To address some of these problems, FoE-Ghana is implementing a project entitled Climate change adaptation, poverty & women subsistence farmers, supported by the UK Department for International Development (DfID). We are helping around 1,000 women farmers to improve the sustainability of their farming systems and help them adapt to climate change.

This will contribute to improving their farm productivity and also the food security of their families and communities. Their exess farm produce can also be sold for an income, or processed for longer-term storage at the new food processing and storage centres. The water boreholes we are providing will improve communities’ access to potable water, improving their health and welfare.

Activities

  • Raising awareness among women farmers about climate change so they know how it will affect their farming systems and how they can adapt to its impacts
  • Encouraging women farmers to share their own innovations they use to adapt to the changing climates so that other woman can benefit from their skills
  • Practical on-farm demonstrations including: sharing farmers’ own innovations; minimum tillage; agroforestry and increased crop diversity; cover crops; green manuring; composting; use of drought-, heat- and flood- tolerant seeds; rainwater harvesting and storage; and Integrated Soil Fertility Management
  • Introducing different tree varieties including fruits, nuts and moringa, (the latter can be processed into a very nutritious food supplement to help improve the health and nutrition of local communities)
  • Constructing food processing and storage centres with processing equipment including solar dryers, which the women will help to construct
  • Establishing seed banks for storage of farmers’ indigenous seeds.
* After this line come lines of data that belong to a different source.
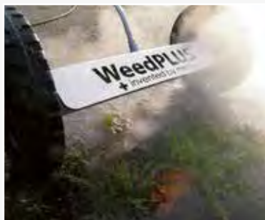
Sprøjtestang 50 cm.
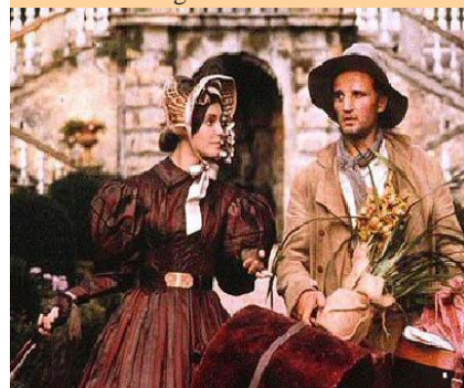
"Domani accadrà" di Daniele Luchetti
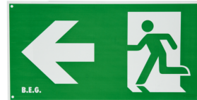
Piktogramm DT32-LED Pfeil nach links Art.No: 8859

Abmessungen: 170 x 330 x 1 mm Gehäuse: Kunststoff Farbe: grün
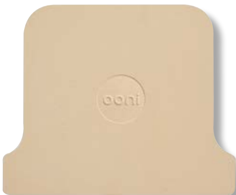
Pietra refrattaria OON UU-POB500
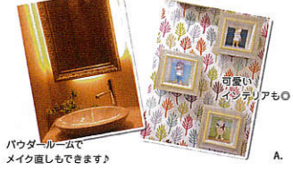
パウダールームでメイク直しもできます!

● http://www.goda-dental.jp/ 【ごうだ歯科医院 丹波市】で検案 兵庫県丹波市春日町平松713-1 アクセス/JR福知山線「黒井駅」より徒歩8分 診療時間/9:00~13:00 14:00~20:00 木曜・日曜・祝日休診 姉妹医院「たくや歯科」 http://www.takuya-dental.jp/ 阪神西宮駅すぐ
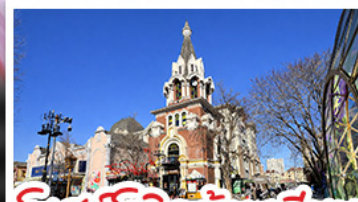
โบสถ์โกธิคต้าเหลียน
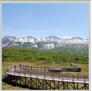
"SHIRETOKO 5 LAKES"
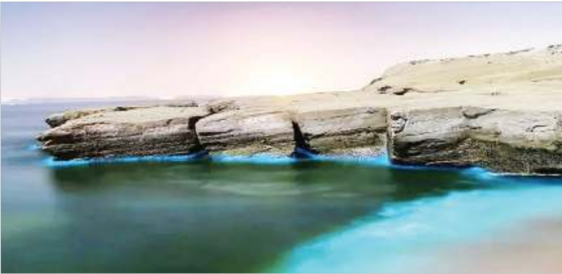
جزیره هنگام ششم
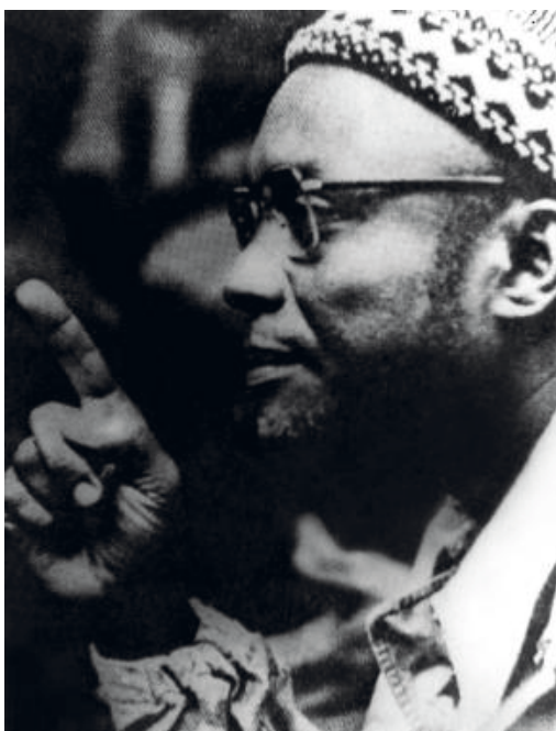
Figura 4. Amílcar Cabral en UNESCO 1972.
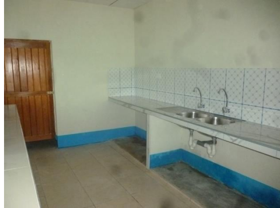
La cuisine du CPVC avant (gauche) et après (droite) la réfection.
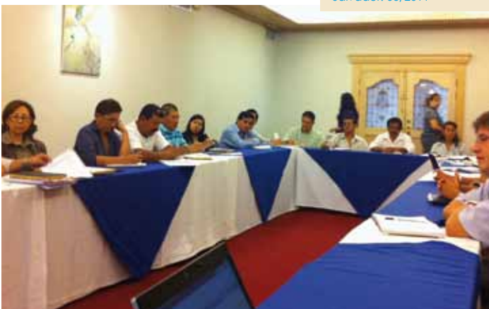
Reunión de consulta para la Reforma Hídrica de El Salvador. 06/2011
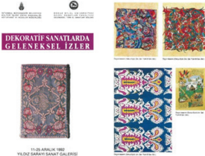
Resim 3.1. ‘Dekoratif Sanatlarda Geleneksel İzler’ Yıldız Sarayı Sanat Galerisi, İstanbul İki Boyutlu Tekstil Sergisi, 1992.

Çalışmanın konu başlığı doğrultusunda bu çeşit sergilere verilen ilk örnek “Dekoratif Sanatlarda Geleneksel İzler” isimli Yıldız Sarayı sanat galerisinde 1992 yılında açılmış sergidir. İstanbul Büyükşehir Belediyesi Şehir Müzesi koleksiyonunda bulunan çoğunlukla 20.yüzyılın ikinci yarısına tarihlendirilen tekstillerden seçilen eserlerle, İzmir Dokuz Eylül Üniversitesi Güzel Sanatlar Fakültesi, Geleneksel Türk El Sanatları Bölümü öğrencilerinin sözü geçen dönem tekstillerinin motif ve kompozisyon özelliklerinden esinlenerek yaptıkları tasarımların yer aldığı iki boyutlu tekstil sergisidir.
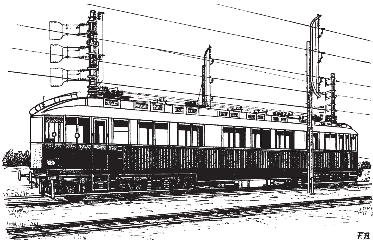
Elektrický vůz Siemens
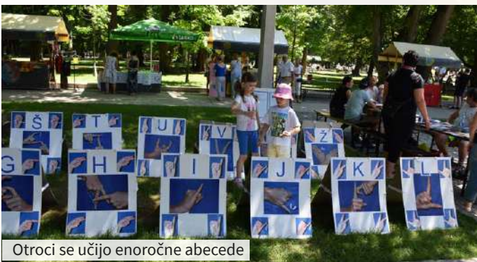
Otroci se učijo enoročne abecede
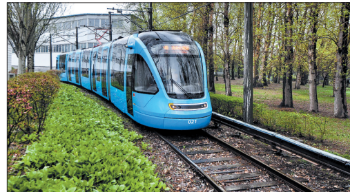
5月10日,中国首列具有完全自主知识产权的商用100%低地板现代有轨电车在中国北车长春轨道客车股份有限公司下线。
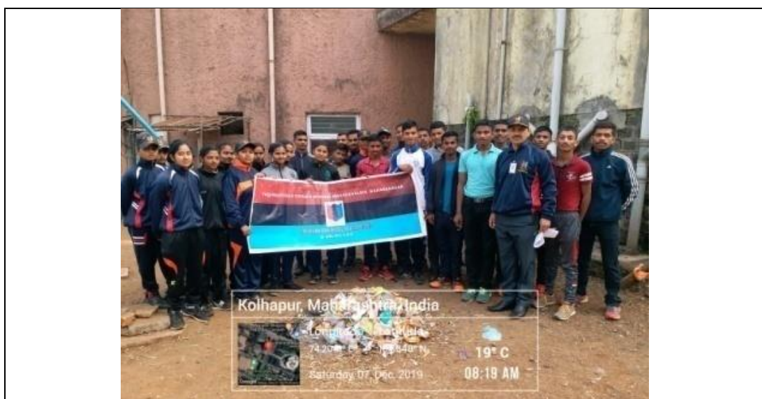
Plogging Activity: Plastic Cleanliness Drive on 07/12/2019
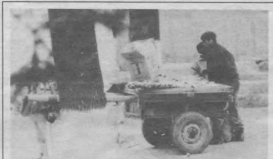
Пример оперативного ответа на вопрос времени: «передвижной» пункт приема стеклопосуды...
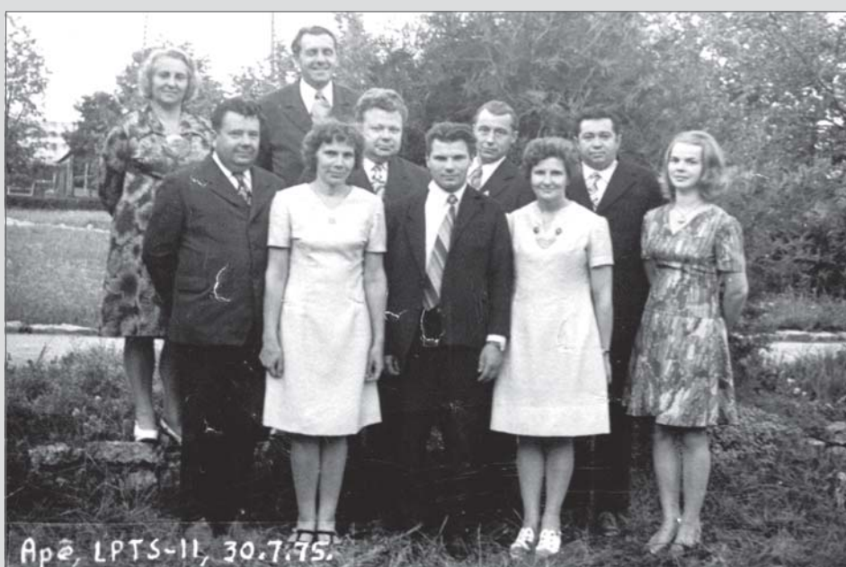
Pedagogi. Pulciņš skolotāju, kuri strādāja 1975.gadā.
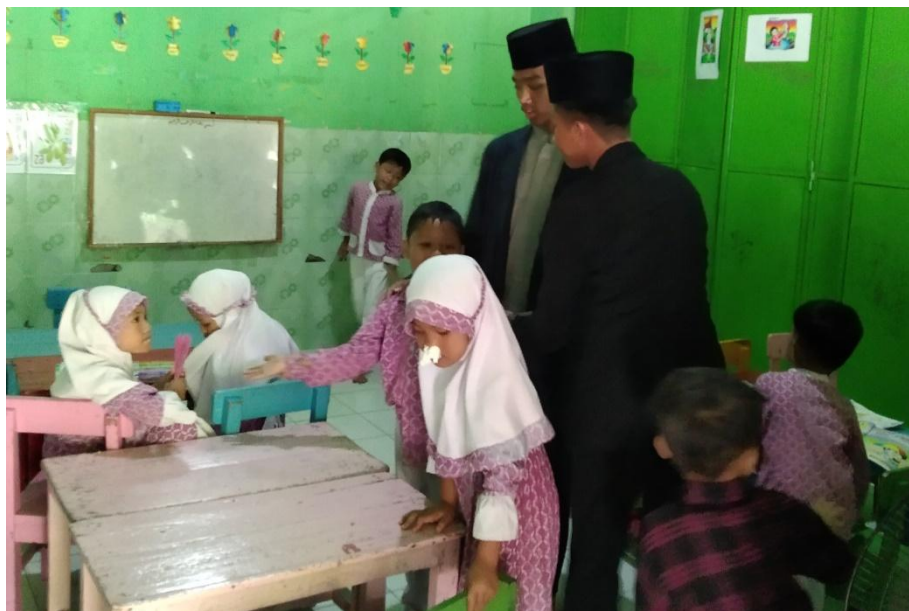
Gambar 2: Simulasi mengajar peserta menggunakan media gambar cerita

Rata-rata skor pre-test adalah 52, sementara skor post-test meningkat menjadi 87, menunjukkan adanya peningkatan signifikan pada pemahaman peserta tentang variasi metode pembelajaran anak. Hasil ini diperkuat oleh dokumentasi simulasi mengajar yang menunjukkan peserta mulai menggunakan media visual, storytelling interaktif, serta ice breaking Islami.
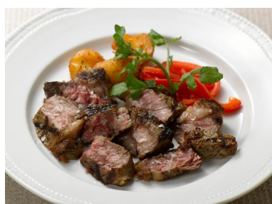
「アンガスビーフのグリル ～美食倶楽部風～」
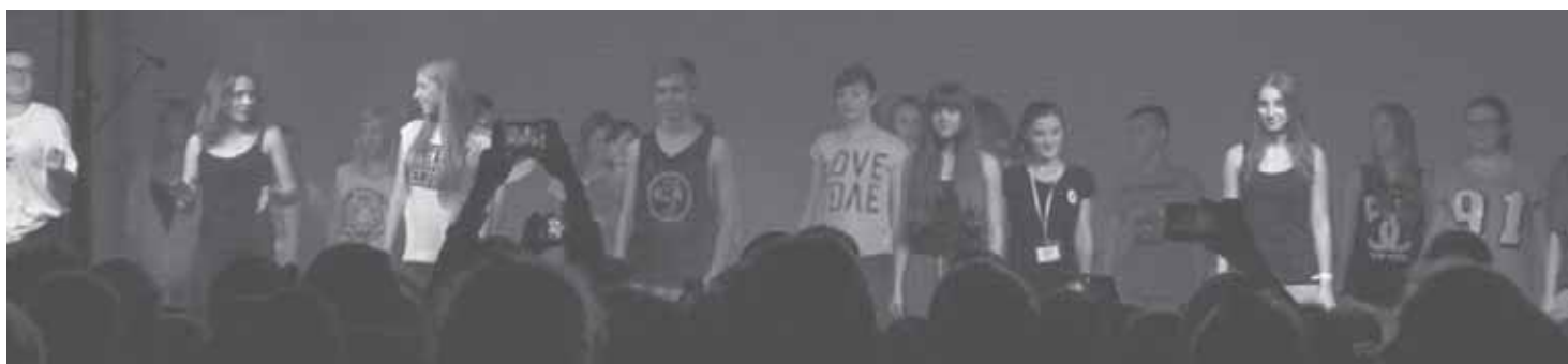
Gala finałowa Przystanku PaT w ZSG nr 3
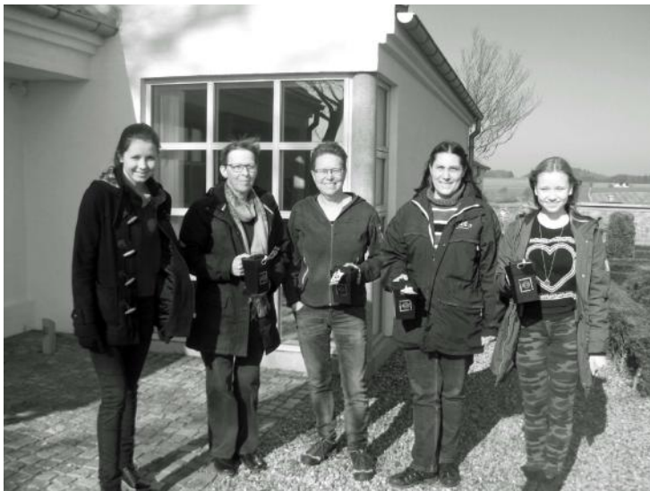
Fra Sogneindsamlingen 2014
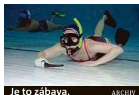
Je to zábava.
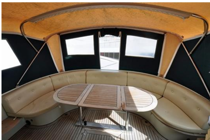
Linssen Grand Sturdy 380 Sedan (6)
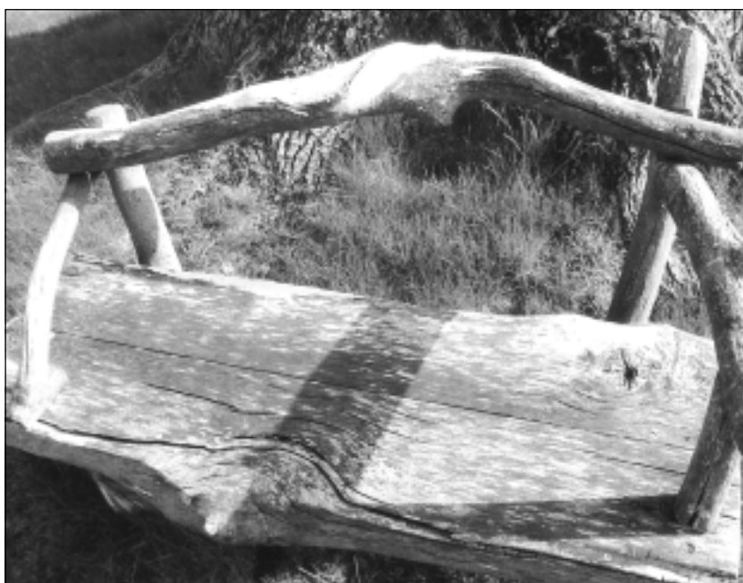
Orģināls soliņš. Iesūtīja Daniels Kivkucāns no Balviem.

Katra mēneša labākās fotogrāfijas autors saņems balvu. Fotogrāfijas var iesūtīt pa pastu – Balvi, Teātra ielā 8, LV-4501, vai elektroniski – vaduguns@apollo.lv . Pie foto obligāti norādāms vārds, uzvārds (vēlams - tālrunis).
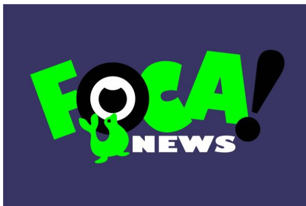
Figura 1: Marca Guarda-Chuva Foca News

Produto 2 - Criação da marca da Agência Jr. de Jornalismo Foca News – A Agência Jr. De Jornalismo proporcionará ao aluno, a oportunidade de vivenciar a busca de soluções para os problemas do cliente, o diagnóstico crítico, o planejamento e o desenvolvimento criativo, além da experiência que será vivida com o contato direto com o cliente e demandas complexas, cujas decisões são pautadas pelas necessidades impostas pelo seu contexto de mercado, todos os aspectos que escapam do ambiente controlado e seguro da sala de aula. Todas essas características, e muitas outras, do cotidiano de uma agência experimental farão com que elas sejam não apenas uma estrutura de apoio à atividade acadêmica, mas um compromisso que tem impactos na própria identidade do curso.
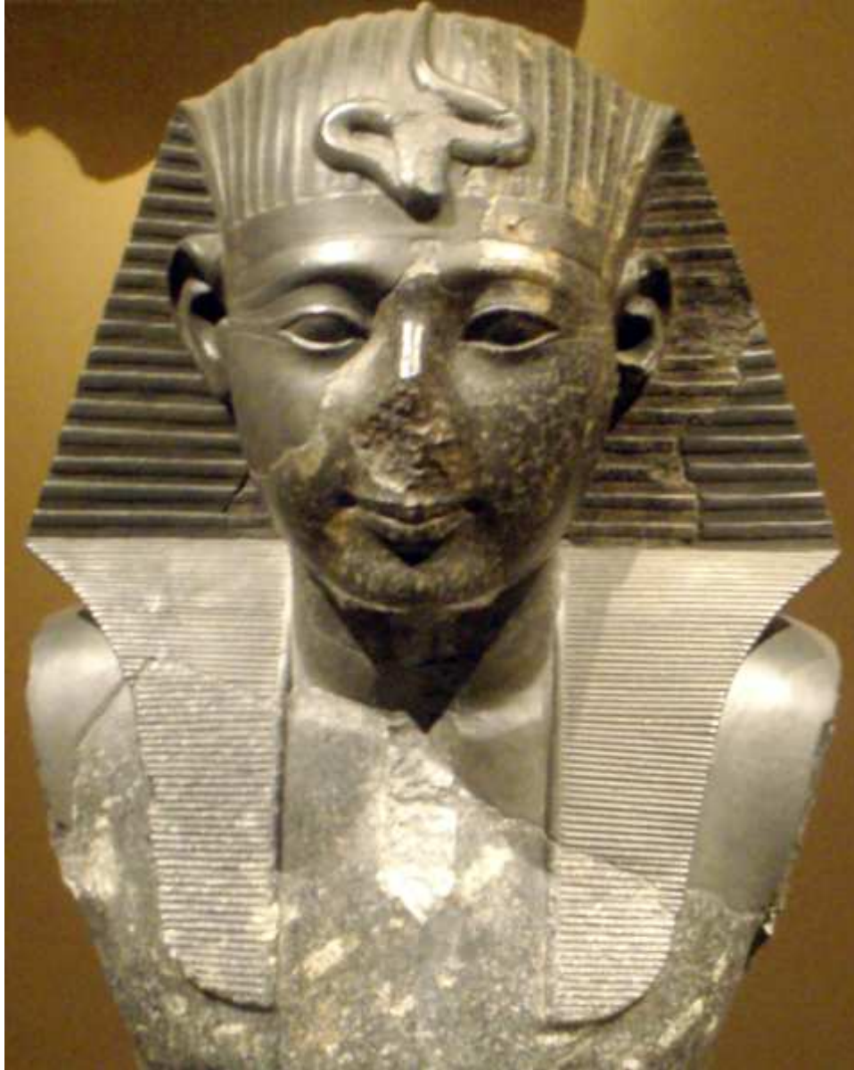
Statue du pharaon Seti I...

Souvenez-vous, nous sommes pratiquement à la sortie de cette période bien inédite et mouvementée du reste dans l'Histoire pharaonique, celle relative à Akhet-Aton !
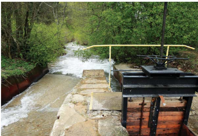
Uplynulé dni narobili starosti aj našim energetikom. V utorok však už mali všetko pod kontrolou. Situácia na hati Bystrá
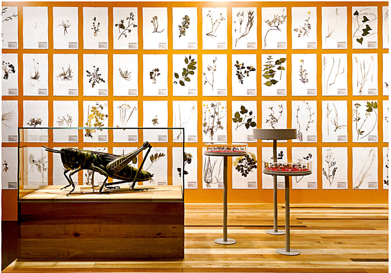
Ein Blick in die neue Dauerausstellung im 1. OG zum Thema Biodiversität.

nierten Reihenfolge präsentiert. Die Besucherinnen und Besucher wählen ihren Rundgang selbst und entdecken so die Vielfalt auf individuelle Art und Weise. 4 spiralförmige Module in den 4 Ecken des Raumes vermitteln etwas Theorie. Dargestellt werden die Themen «Die Entstehung der Vielfalt im Laufe der Evolution», «Was ist eine Art?», «Die Bedeutung der Vielfalt in den Ökosystemen» und «Die Bedeutung der Vielfalt für den Menschen». Im Forscherlabor erhalten Jung und Alt Gelegenheit, interessante Objekte selbst in die Hand zu nehmen und zu studieren. Ein interaktives System erlaubt zudem einen Einblick in die wissenschaftlichen Sammlungen des Museums.
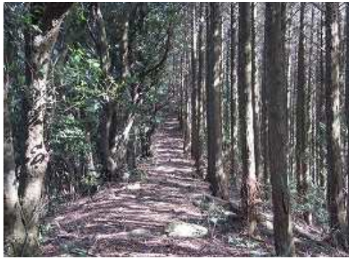
歩きやすい古道を進む。
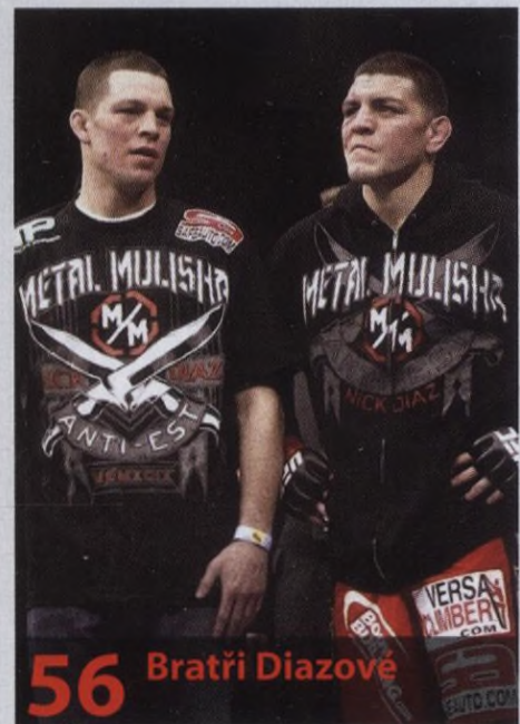
56 Bratři Diazové
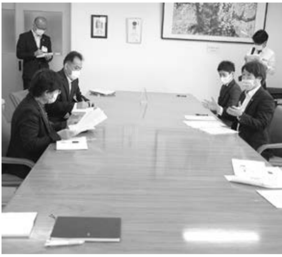
渡辺市長と対談する観光業者(5月22日)

同日の贈呈式で渡辺英子市長は、「ふるさとのことを思い行動してくれて本当にうれしく思う。市民生活に役立てていきたい」と感謝の思いを伝えた。(写真)
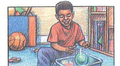
limpiar el cuarto
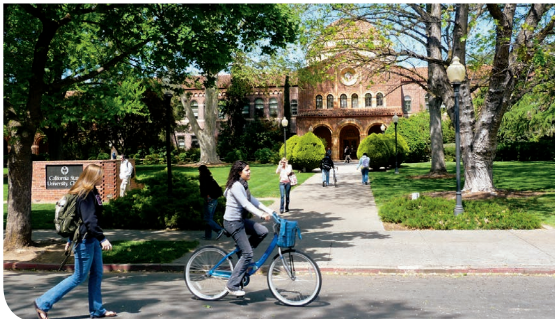
Os alunos apreciam o clima brando, o ano inteiro, em Chico.

Quando não estou estudando, é fácil encontrar algo para fazer em Chico. Gosto de fazer caminhadas pela cidade, ir ao clube, e tenho me divertido indo esquiar em Mount Shasta e Lago Tahoe.
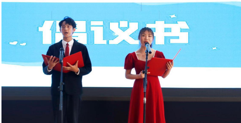
图 18 第二届校园阅读文化节暨网络文化节启动
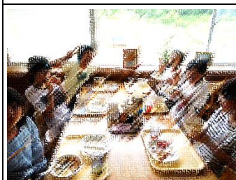
妙高自然の家の食事はバイキング形式です。
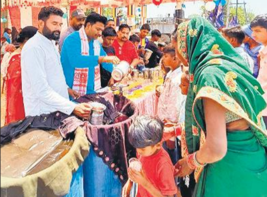
संपूर्णनगर में शर्वत का वितरण करते लोग।
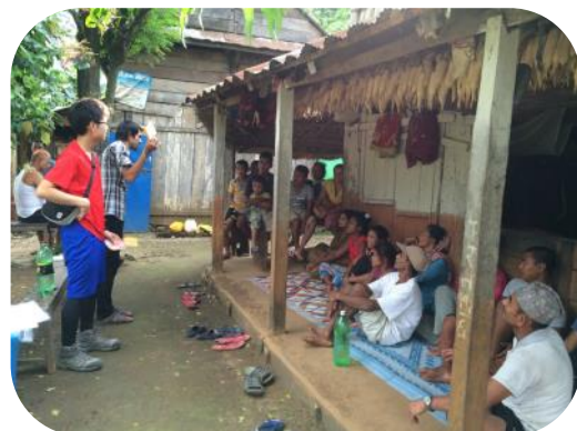
2015年 FORWARD Nepal (ネパール) インターンシップ時
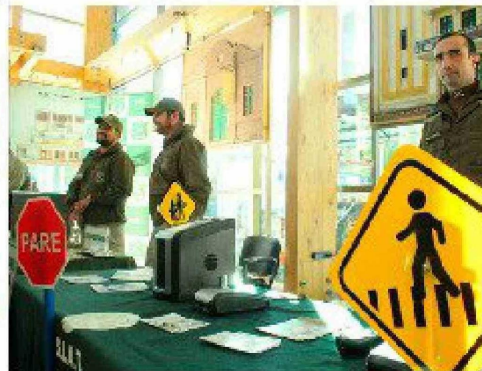
Los asistentes al evento recibieron capacitación por parte de Carabineros para la prevención de incendios estructurales y otras herramientas para evitar siniestros.

Expertos brindaron las herramientas para evitar que se produzcan siniestros, además de medidas de autocuidado en otras áreas.
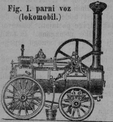
Fig. I. parni voz (lokomobil.)
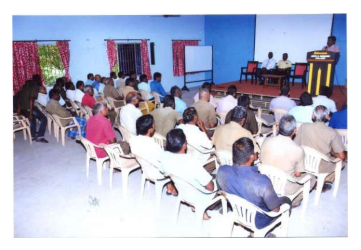
1. Drivers Awareness Program

These will provide insurance against future crop failures as well as save germplasm for future seed breeding
  • Constructing demonstration rainwater harvesting and irrigation systems that can be replicated by households and communities
  • Drilling water boreholes and pumps for fresh clean potable water
  • Establishing Water Management Committees and training them to manage the water boreholes and pumps
  • Establishing a communications strategy and platform at the community level to feedback experiences and learning to Ghana’s policymakers so they can integrate successful practical climate change adaptation strategies into Ghana’s agriculture and climate change policies.